Ive seen way weirder with JDs before.


----------



## DavidZ (Jul 24, 2005)

would firemouths work?


----------



## Fishfirst (Jan 24, 2005)

yes I believe so, but I'm not the cichlid expert here. But there are plenty of catfish that would work such as pictus catfish (8"), ornate pimelodus catfish (7.5"), synodontis eupterus catfish (8") would all work in a 55 gallon if you keep the number of fish down


----------



## starrfish71 (Jul 6, 2005)

Jack's will rapidly out grow a firemouth- so a better choice would be a Texas cichlid, chocolate,green terror, or if you research a bit, any mid-level aggressive South or Central american cichlid of similar size. (i.e. NOT a red devil or black belt!) these fish reach 10 to 12 inches within the first couple of years of life, so you really can't get many in a 55g. However, if you only have two, one will beat up the other, so odd numbers work best.

If you want firemouths, you have the chance to have much more of an active community tank. Convicts, red jewels, green terrors, some of the large Geophagus, etc, will all get along and in a 55g you have room for maybe 3-5, depending on their adult size. 
Plus, I love "mixing" other types of fish- it gives you a much more diverse and interesting tank. An African black knife, or a clown knife is a good match. Pike cichlids, bichirs, ctenopomas, severums, parrot cichlids if you like hybrids, silver dollars, and even some of ther larger gourami and barb types would work.

Catfish and plecos do fine in 55g- but like Mr.Aquarium pointed out, common plecos get HUGE. Bristle nose, chocolates, Rhinos, and many other types of plecos not only are very interesting to look at, but don't grow as huge. Some great catfish would be dwarf giraffe cats, pimledelos(sp?), if you have a more aggressive tank an Asian redtail is a gorgeous catfish- mean as you-know-what tho. 

Fish to be wary of- pacus, SA red tail cats, and channel cats get beyond ridiculous enormous. they are SOOOOO cute in the pet stores as babies, but stay away from them!

Also, don't misunderstand me. I am not recommeding that you get one of each fish listed. FW tropical tanks should be an average of one inch of fish per gallon of water, with adequate filtration. This is the ADULT size of the fish, not the size from the pet store. also, some of the fish listed will gladly EAT other fish on the list. Make sure when adding fish you take into account size and compatiblity.


----------



## fishboy (Feb 26, 2005)

in a 55 you could get alot of small fish


----------



## euRasian32 (May 19, 2005)

Well, I've personally seen JD's reach 18, but that's 2 in a 125.
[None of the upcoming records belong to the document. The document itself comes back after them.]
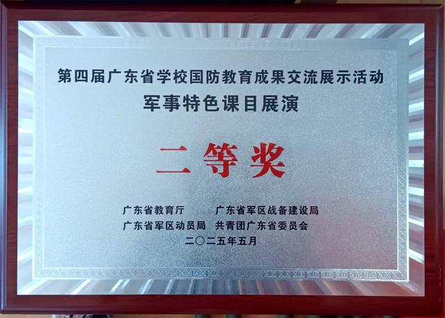 学校获第四届广东省学校国防教育成果交流展示活动军事特色课目展演二等奖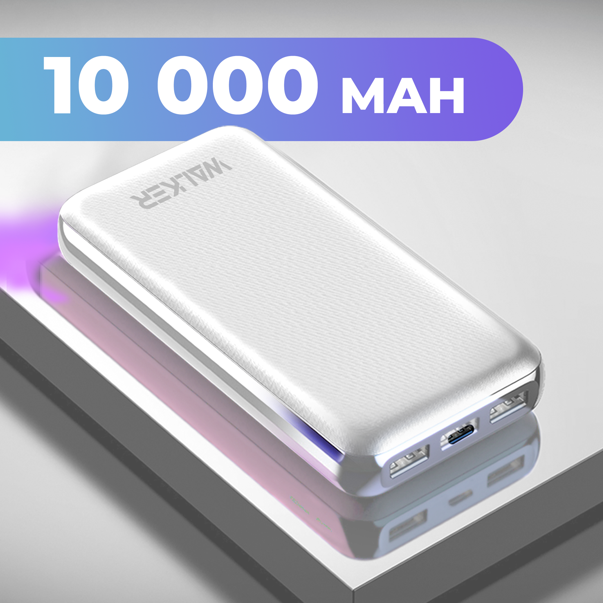 Повербанк 10000 mAh, WALKER, WB-410, 2.4 А, белый // powerbank, пауэр банк, power bank, павербанк, повербанк xiaomi, повербанк для айфона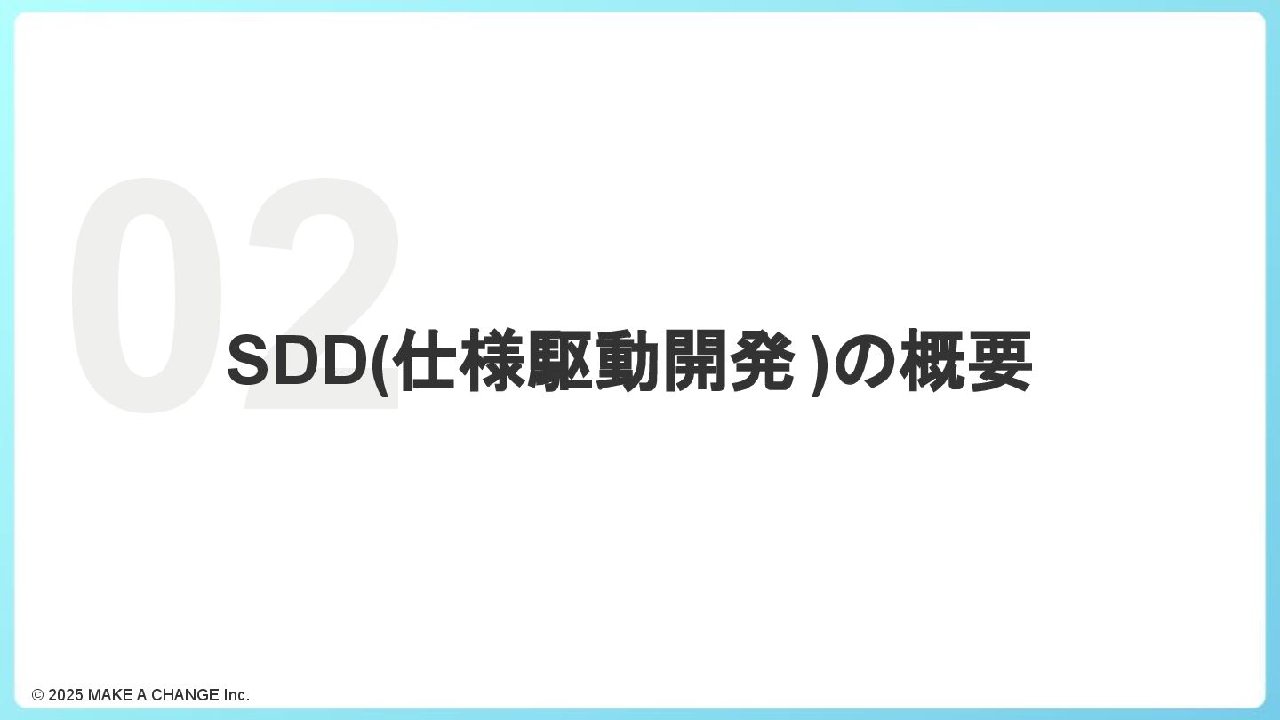 02 SDD(仕様駆動開発 )の概要 © 2025 MAKE A CHANGE Inc.

Personally after all of my cichlid drama, just choose ONE more species that is fairly equal in size for the 55. 
My personal suggestions:
Pike cichlid; nicaraguense, buttekoferi, or a pair of severums, or an oscar only if plans for a 75+ are in the mix for the future.
Stay away from the managuense, green terror, and the red devil. Stress and drama.


----------



## DavidZ (Jul 24, 2005)

i think im just gonna forget the jack and go for a cichlid community tank thanks for all the information


----------



## fishfreaks (Jan 19, 2005)

no problem, although i was just going to suggest a blue acara. that should do well in a community tank, just keep in mind that they are territorial.


----------